Repeat the listing that follows, character for character, minus the pictures.

-=-=-

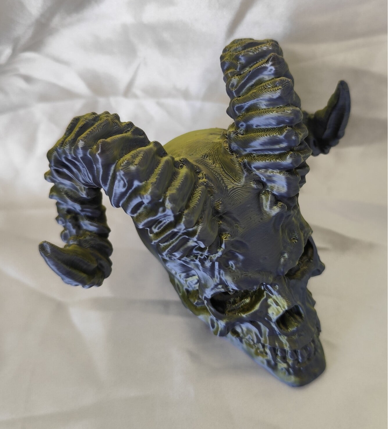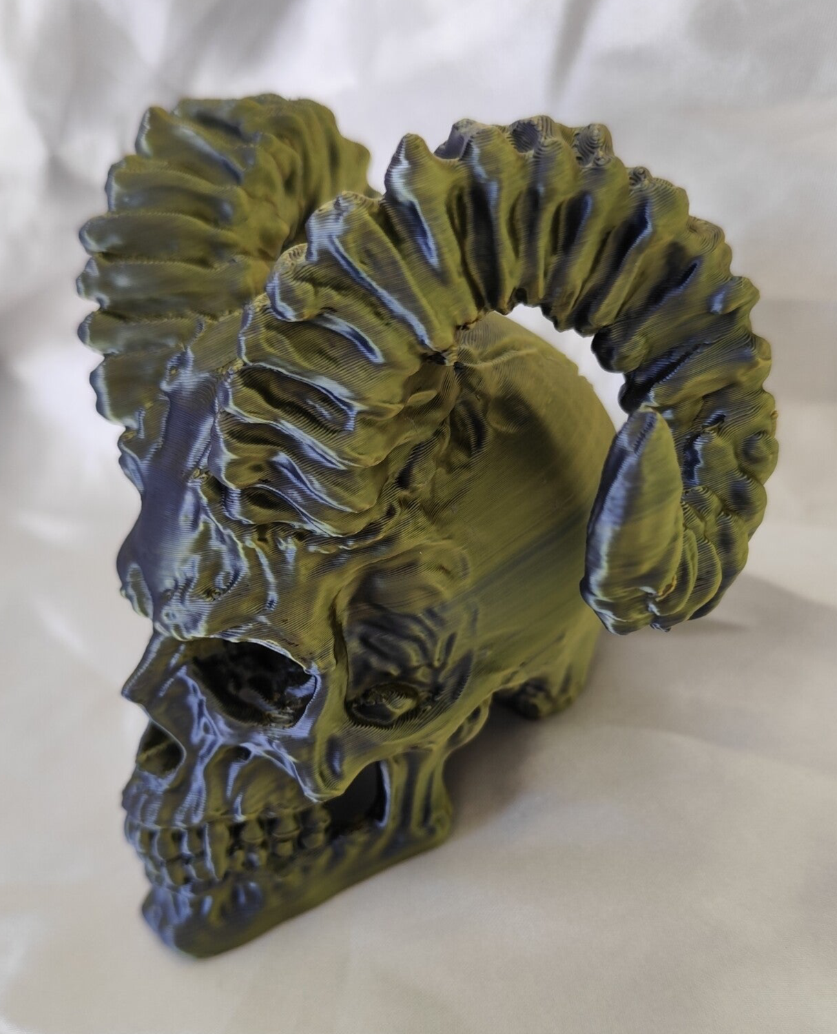 Ein gehörnter Totenkopf in einem tollen Schwarz & Gold. Dieses Dekostück ist der Hingucker. Je nach Blickwinkel wechselt die Farbe von schwarz zu Gold.
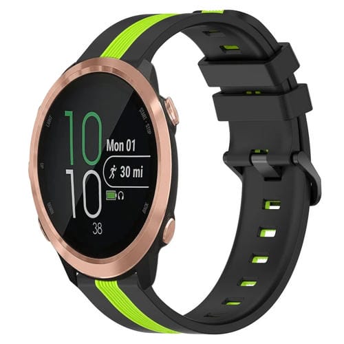 Banda de Reloj para Garmin Forerunner 645 Music Silicona Dos Colores Vertical 20mm (Negro + Verde Lima)
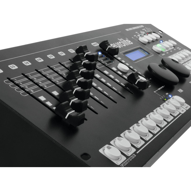 - 8 motorized DMX channel faders for user-friendly control
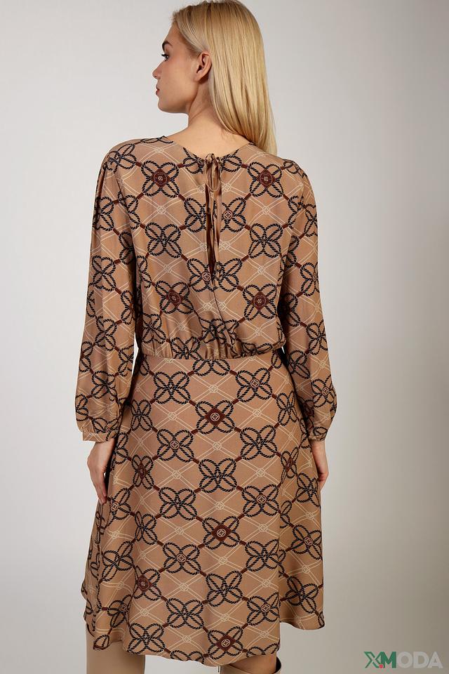 Модель имеет длину миди, длинные рукава и округлый вырез горловины. Главной особенностью платья является оригинальный принт в клетку, выполненный в бежево-коричневой гамме. Талия слегка приталена и подчеркнута сборкой, что придает платью женственный силуэт.
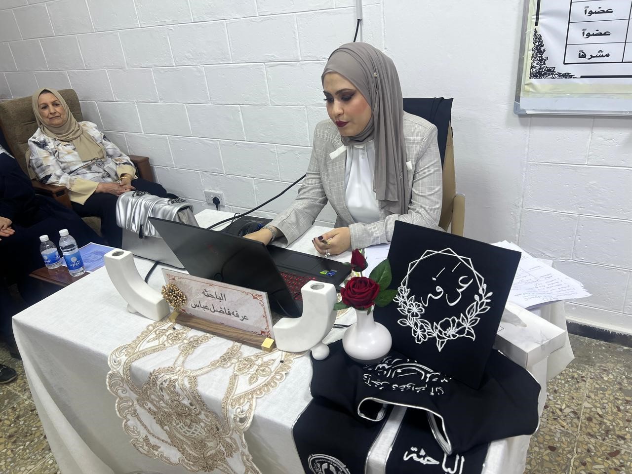 وبعد مناقشة مستفيضة من قبل لجنة المناقشة، والاستماع إلى دفاع الطالبة عن محتوى رسالتها، تقرر منحها درجة الماجستير في هندسة الموارد المائية .
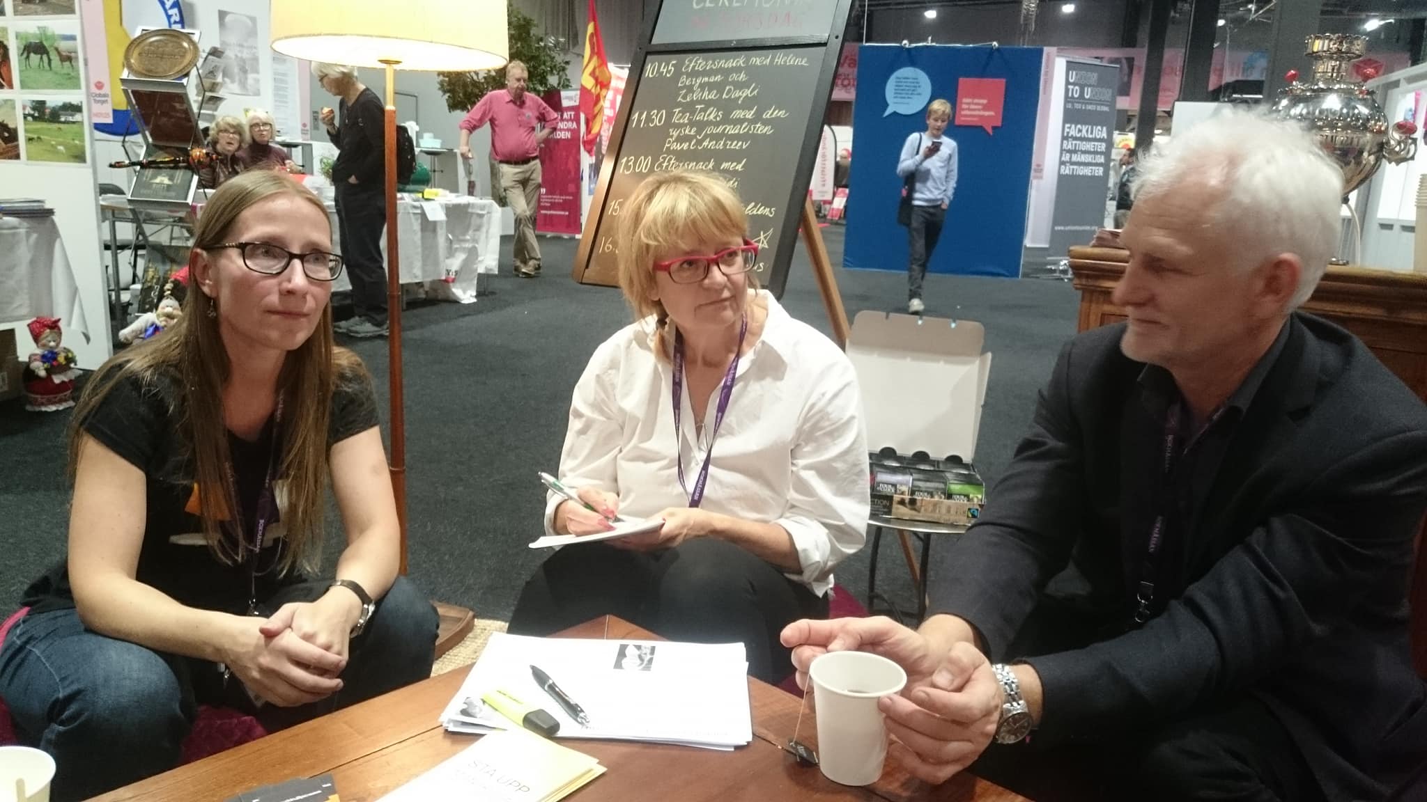 Bokmässan i Göteborg september 2018. Paulina Kluge, Östgruppen och Maria Söderberg i möte med Ales Bjaljatski. Foto Östgruppen
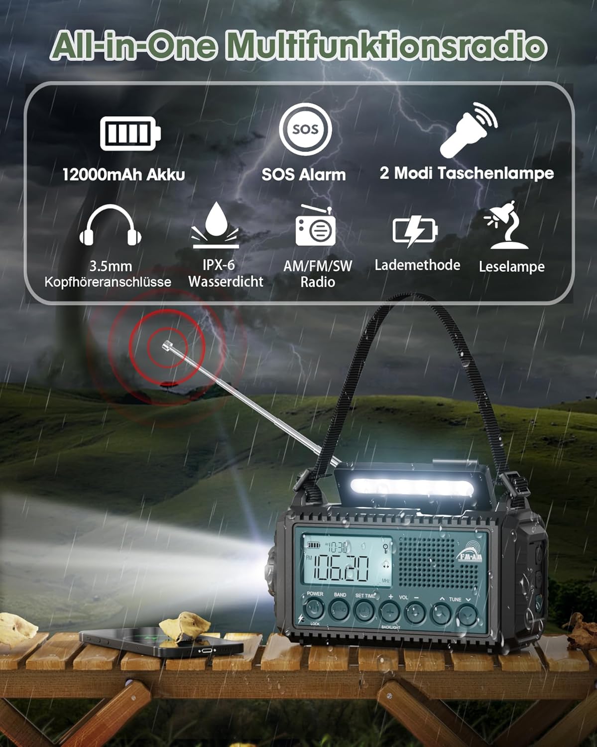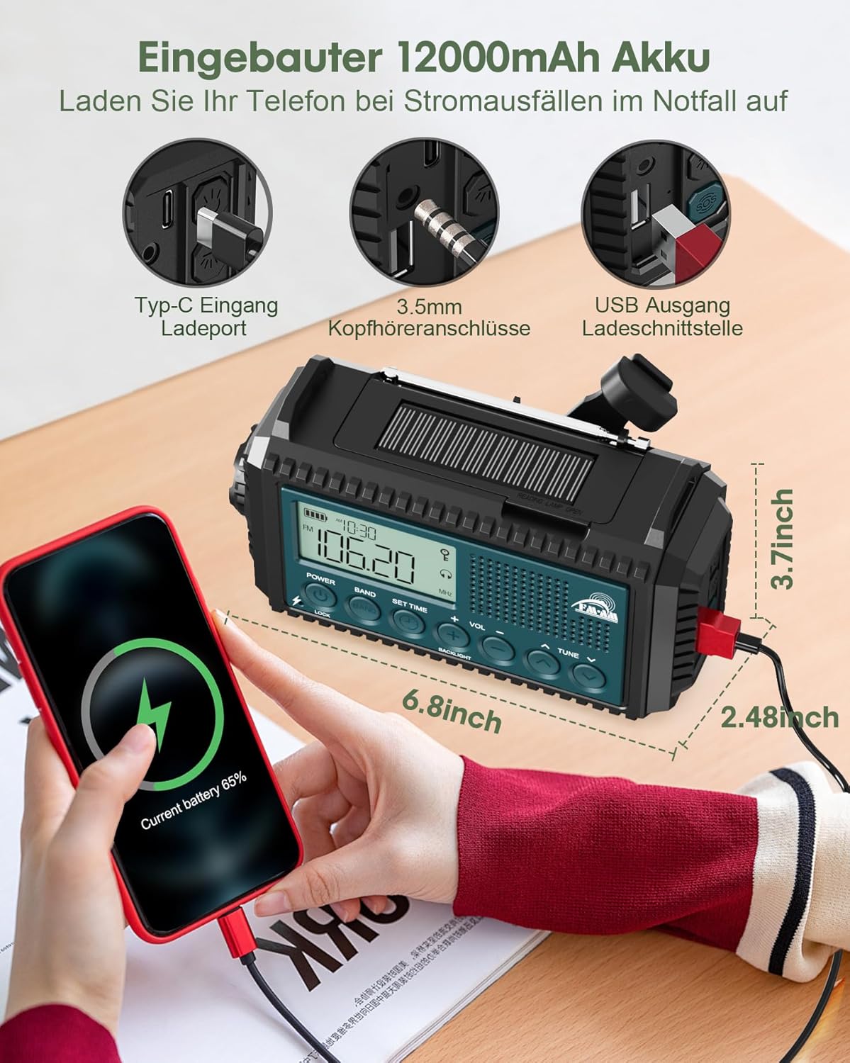 • Независимо дали сте на къмпинг, на туризъм или се сблъсквате с неочаквани кризи, нашето компактно аварийно радио с капацитет 12 000 mAh гарантира несравнима готовност за употреба. С 2,4 пъти по-голям капацитет на батерията от конвенционалните аварийни радиостанции и разнообразни опции за зареждане, то гарантира надеждност в критични моменти.

-=-=-

ANSWER TO THE PROBLEM:
 Ein gehörnter Totenkopf in einem tollen Schwarz & Gold. Dieses Dekostück ist der Hingucker. Je nach Blickwinkel wechselt die Farbe von schwarz zu Gold.
 Banda de Reloj para Garmin Forerunner 645 Music Silicona Dos Colores Vertical 20mm (Negro + Verde Lima)
 - 8 motorized DMX channel faders for user-friendly control
 Модель имеет длину миди, длинные рукава и округлый вырез горловины. Главной особенностью платья является оригинальный принт в клетку, выполненный в бежево-коричневой гамме. Талия слегка приталена и подчеркнута сборкой, что придает платью женственный силуэт.
 وبعد مناقشة مستفيضة من قبل لجنة المناقشة، والاستماع إلى دفاع الطالبة عن محتوى رسالتها، تقرر منحها درجة الماجستير في هندسة الموارد المائية .
 Bokmässan i Göteborg september 2018. Paulina Kluge, Östgruppen och Maria Söderberg i möte med Ales Bjaljatski. Foto Östgruppen
 • Независимо дали сте на къмпинг, на туризъм или се сблъсквате с неочаквани кризи, нашето компактно аварийно радио с капацитет 12 000 mAh гарантира несравнима готовност за употреба. С 2,4 пъти по-голям капацитет на батерията от конвенционалните аварийни радиостанции и разнообразни опции за зареждане, то гарантира надеждност в критични моменти.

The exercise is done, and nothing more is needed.